Hands on my hips, I groan and tip my head up to the ceiling. “Violet.”
“A crutch. Is that some sort of pun about my mangled leg?” she continues, hobbling away.
“Violet.”
With her back to me, she tries to slide her foot into the flip-flop she got dropped off here in and mumbles something that sounds an awful lot like, “So fucking high and mighty.”
So, I opt for something that might actually get her attention. “Nice sweatpants.”
She spins on me so fast you’d never know how injured she is. “Are you kidding?”
I cut her off. “Violet. I’ll take you to get a coffee. I need to get some groceries anyway.”
Now she just blinks at me, her expression straddling the line of rage and disbelief. When her dainty chin drops in a terse nod, I move near her, grab my keys off the hook and usher her out the front door.
“Do you want your crutches?”
She takes the front stairs awkwardly, with one leg set straight in the cast, and leans against the railing to accommodate the motion.
“No.” She almost growls at me. “You going to lecture me about that too?”
“Nope.” I jog down the stairs and head to my black truck, leaving her behind. “You’re an adult, and you know your body best.”
I swing the passenger-side door open and wait there.
Violet regards me suspiciously as she walks forward, clearly still sore. “What are you doing?” Her tone is accusatory.
“Holding the door open for you.” I honestly almost roll my eyes.So many questions.
She sort of grunts as she approaches the truck, assessing how she’ll tackle getting in, and if she doesn’t ask for help, I’m not going to give it to her.

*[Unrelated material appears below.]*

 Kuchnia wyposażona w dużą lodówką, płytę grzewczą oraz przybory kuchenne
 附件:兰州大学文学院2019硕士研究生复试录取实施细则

She’s made that much abundantly clear. If I learned anything about Violet from the year we spent corresponding, it’s that she’s stubborn. I gave her almost nothing, and she kept badgering me, coming back for more, until it forced me to relent a little bit. She wasn’t put off by my persona back then.

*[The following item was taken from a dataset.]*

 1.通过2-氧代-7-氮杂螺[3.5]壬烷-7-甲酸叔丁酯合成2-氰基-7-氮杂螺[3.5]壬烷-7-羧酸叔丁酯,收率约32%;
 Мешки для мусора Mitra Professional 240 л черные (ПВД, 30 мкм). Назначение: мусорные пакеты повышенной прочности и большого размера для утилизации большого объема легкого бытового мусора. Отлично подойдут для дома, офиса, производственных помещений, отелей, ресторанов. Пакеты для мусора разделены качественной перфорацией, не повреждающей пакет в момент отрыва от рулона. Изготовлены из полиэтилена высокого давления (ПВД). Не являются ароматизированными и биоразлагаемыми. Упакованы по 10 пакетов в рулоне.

And don’t I know it. She scrambles into the truck. It’s not graceful, and I end up getting an eyeful of her round ass with “Vancouver” printed across it as she pulls herself up into the cab. My fingers pulse at my side, itching to reach forward and give her a boost. Watching her struggle makes tightness twinge in my chest.
When she’s finally seated, I slam the door and round the truck, getting into the driver’s side, and firing the engine up so that we can get this done and over with. As I peel out of the driveway, I don’t miss the way she reaches up for the oh shit handle, like she doesn’t even trust me to drive her down a gravel road.

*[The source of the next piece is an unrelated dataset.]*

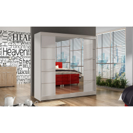 Skříň je vyrobena z kvalitního lamina. Díky svému vnitřnímu uspořádání nabízí dostatek úložného prostoru, posuvné dveře šetří prostor a zrcadlo ho opticky zvětšuje. Skříň je vhodná do ložnice, dětského nebo studentského pokoje, do předsíně i kanceláře. Vnitřní uspořádání skříně je vyobrazeno na fotografii. Skříň je dodávána v demontu. Součástí jsou i skleněná zrcadla, která jsou nalepena na dveřích skříně a také montážní plánek včetně všech potřebných spojovacích materiálů. Vyobrazené dekorace nejsou v ceně.

It grates on me that she thinks so little of me now. I’m fairly sure that at one point we were on good terms.
When we hit the main road, I chance another look at her, but she’s turned her head away as she looks out the window, gazing at the green fields whipping past as I speed down the road. Her hair has a silvery quality to it, like a cool sunlit stream trailing down her back. Complete with mud from her fall, but I don’t think it would be a wise thing to bring up when we’re already on such tenuous footing.
Plus, I kind of like it. Violet just walked right out the door in hospital sweats, no makeup, and with mud in her hair because she wanted coffee. She didn’t spend hours primping to go out in public, and she still looks beautiful. She’s feminine, graceful, Elven almost.
I remember noting that about her hair when she sent a shot of her head with bird shit on it. “Got a big old dose of good luck today!” she’d said.
The memory makes my cheek twitch. At the time, it had made me laugh, and then it had made my chest ache. I still can’t remember the last time I smiled like that. She had literal shit in her hair, and all she could do was laugh and comment on the good luck it might bring.
That is a glass-half-full kind of attitude I can only aspire to. But I didn’t need to knock her glass over in the process. That was just a dick move. I don’t want to be a dick. I want to bebetter.
“You don’t need to move out.” I break the silence abruptly and stare out the windshield, hard, like there’s something interesting out here in the middle of a field. Spoiler alert: there’s not.
I feel her eyes on me even though I’m doing my damndest not to look her way. Her gaze pierces me like a tattoo gun. A sharp needling sensation, followed by warmth that flows deep.
“You don’t want me there, though.”
I sigh audibly and pulse my fingers around the leather steering wheel. What I don’t want is all the feelings she stirs up in me. I don’t want to have to look at her every day and wish I could touch her or let her touch me, because it’s pure torture wanting something that you won’t let yourself have. “That’s not true.”
Her head tilts as she regards me. “This is a weird situation. It’s awkward. You’re mad. I get it.”
I don’t need to respond to that. We both know she’s right. Weird and awkward doesn’t even begin to cover it. The girl I solicited anonymously on the internet to send me nudes became my pen pal and friend. (I never told her that.) She ghosted me, and now she works for my brother at the family ranch.